# Task requirements:
For this exercise, retype the lines from the one that holds "CHANEL シルク100% リボンタイ ノースリーブブラウス" through the one that holds "沙田新強記燒鵝海鮮酒家 (大圍) 網址: https://s.openrice.com/QrbS05P4A00" in the records below, both included, exactly and without pictures.

# Provided data:
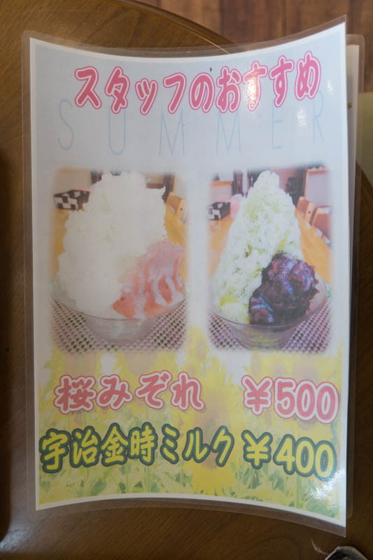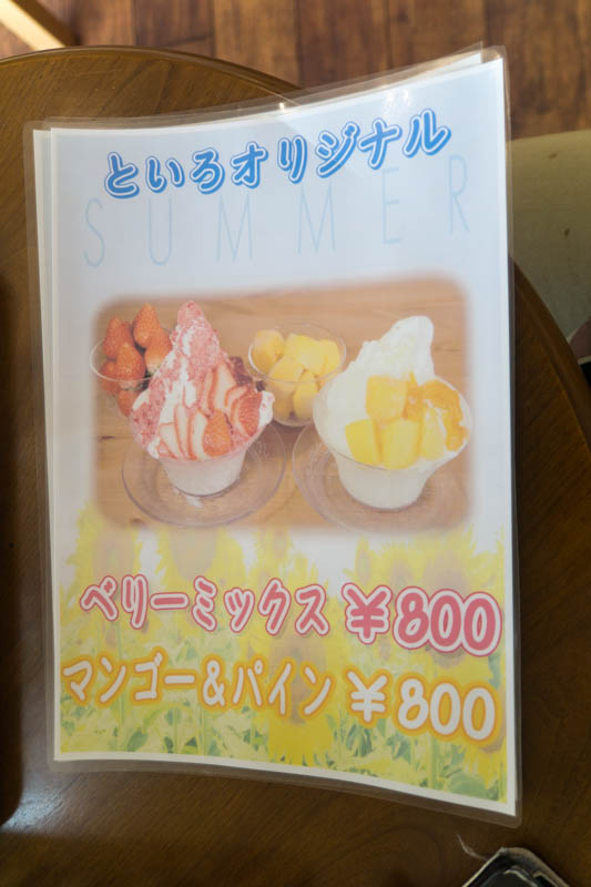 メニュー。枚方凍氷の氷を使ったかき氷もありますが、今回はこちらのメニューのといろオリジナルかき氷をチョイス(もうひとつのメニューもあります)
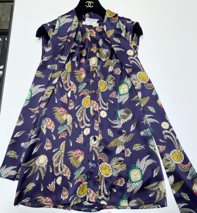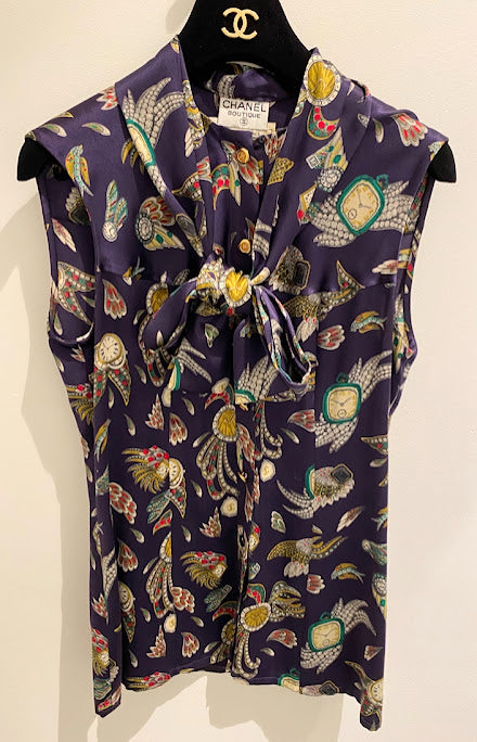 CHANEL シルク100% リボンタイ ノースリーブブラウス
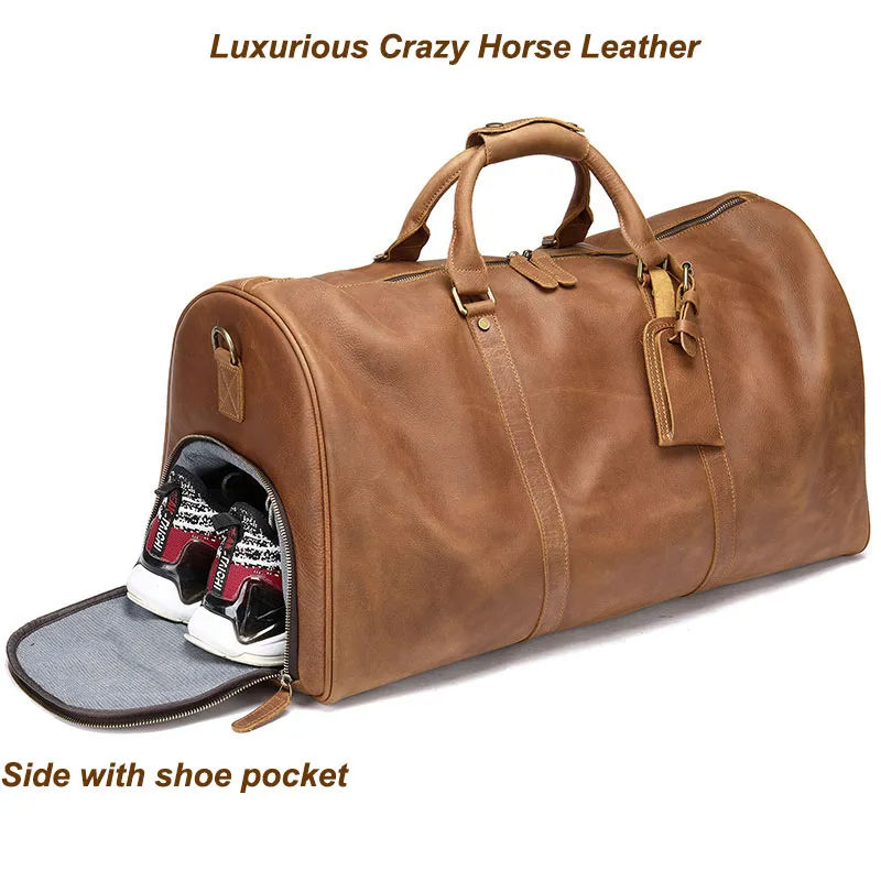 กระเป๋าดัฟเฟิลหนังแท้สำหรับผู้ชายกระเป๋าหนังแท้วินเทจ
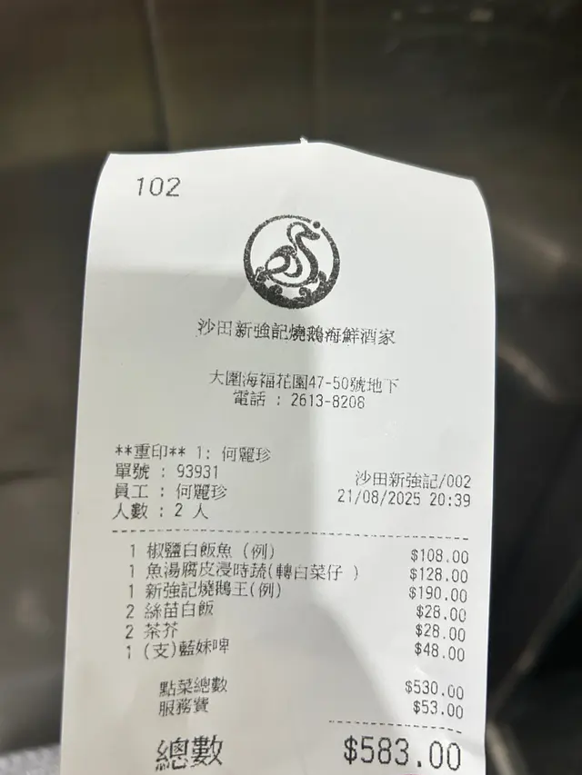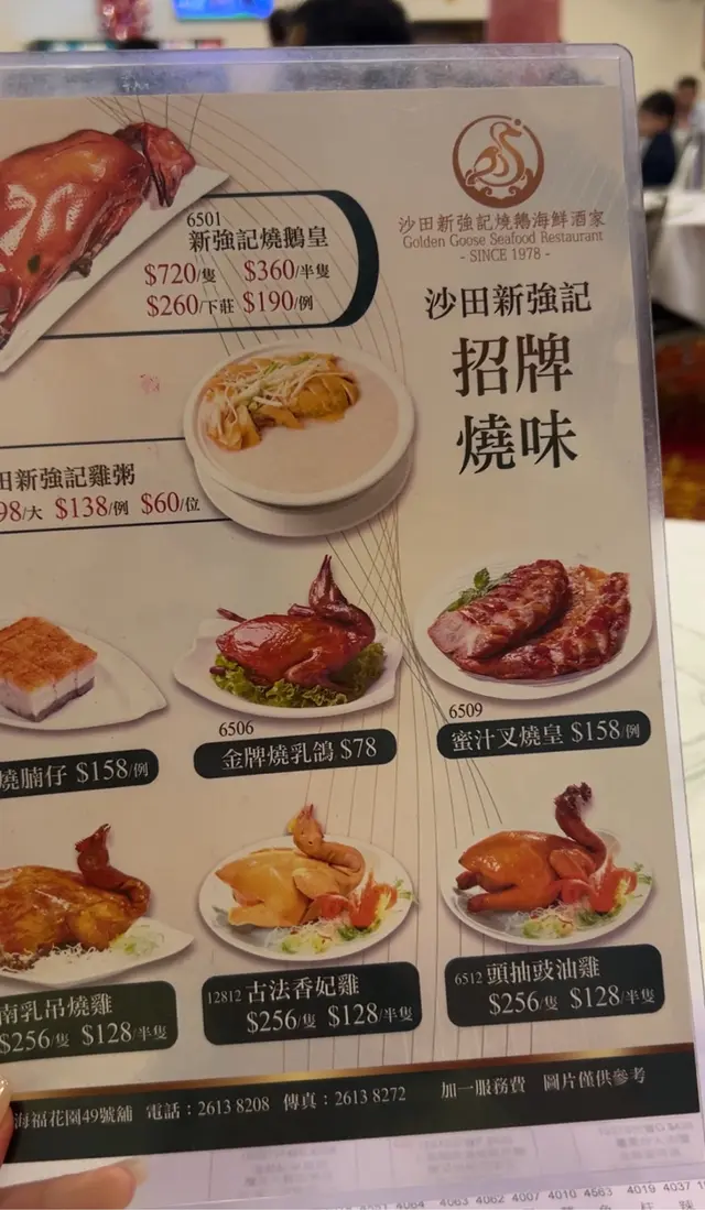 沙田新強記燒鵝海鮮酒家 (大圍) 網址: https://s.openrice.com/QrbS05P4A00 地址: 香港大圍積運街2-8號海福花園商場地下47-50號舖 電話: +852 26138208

...

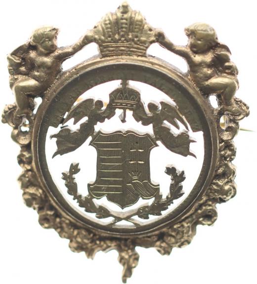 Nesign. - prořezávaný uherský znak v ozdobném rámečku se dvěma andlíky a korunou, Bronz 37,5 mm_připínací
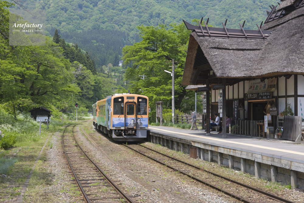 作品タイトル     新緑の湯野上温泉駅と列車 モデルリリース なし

==

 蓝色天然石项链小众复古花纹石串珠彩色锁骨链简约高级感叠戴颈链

# Exercise solution:
 CHANEL シルク100% リボンタイ ノースリーブブラウス
 กระเป๋าดัฟเฟิลหนังแท้สำหรับผู้ชายกระเป๋าหนังแท้วินเทจ
 沙田新強記燒鵝海鮮酒家 (大圍) 網址: https://s.openrice.com/QrbS05P4A00 地址: 香港大圍積運街2-8號海福花園商場地下47-50號舖 電話: +852 26138208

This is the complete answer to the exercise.